> _YOUR ASSIGNMENT_
Give the data again exactly as it appears, excluding any pictures.

::: SOURCE MATERIAL :::

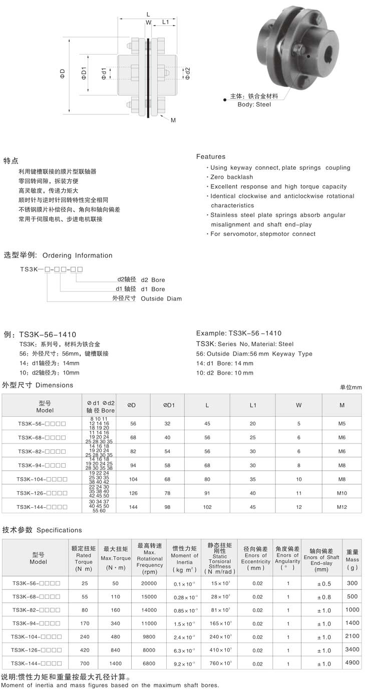 TS3K鍵槽法蘭膜片聯軸器產品介紹:
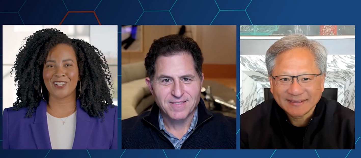 NVIDIA 創(chuàng)始人兼首席執(zhí)行官黃仁勛與戴爾技術(shù)創(chuàng)始人兼首席執(zhí)行官M(fèi)ichael Dell 在活動(dòng)上進(jìn)行了爐邊談話。在談及如何慶祝雙方公司長(zhǎng)達(dá) 25 年的合作歷史時(shí),兩位首席執(zhí)行官表示將通過(guò) AI 的視角來(lái)解決企業(yè)面臨的挑戰(zhàn)。
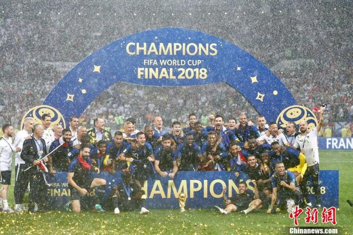 俄罗斯世界杯决赛法国队4:2战胜克罗地亚,“高卢雄鸡”时隔20年再次捧起大力神杯。中新社记者 富田 摄
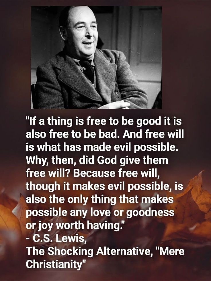 “Als iets vrij is om goed te zijn, is het ook vrij om slecht te zijn. En vrije wil is wat kwaad mogelijk heeft gemaakt. Waarom gaf God hen dan vrije wil? Omdat vrije wil, hoewel het het kwaad mogelijk maakt, ook het enige is dat liefde, goedheid of vreugde de moeite waard maakt.”

:::

> _EXERCISE ANSWER_
 TS3K鍵槽法蘭膜片聯軸器產品介紹:
 NVIDIA 創(chuàng)始人兼首席執(zhí)行官黃仁勛與戴爾技術(shù)創(chuàng)始人兼首席執(zhí)行官M(fèi)ichael Dell 在活動(dòng)上進(jìn)行了爐邊談話。在談及如何慶祝雙方公司長(zhǎng)達(dá) 25 年的合作歷史時(shí),兩位首席執(zhí)行官表示將通過(guò) AI 的視角來(lái)解決企業(yè)面臨的挑戰(zhàn)。
 俄罗斯世界杯决赛法国队4:2战胜克罗地亚,“高卢雄鸡”时隔20年再次捧起大力神杯。中新社记者 富田 摄
 “Als iets vrij is om goed te zijn, is het ook vrij om slecht te zijn. En vrije wil is wat kwaad mogelijk heeft gemaakt. Waarom gaf God hen dan vrije wil? Omdat vrije wil, hoewel het het kwaad mogelijk maakt, ook het enige is dat liefde, goedheid of vreugde de moeite waard maakt.”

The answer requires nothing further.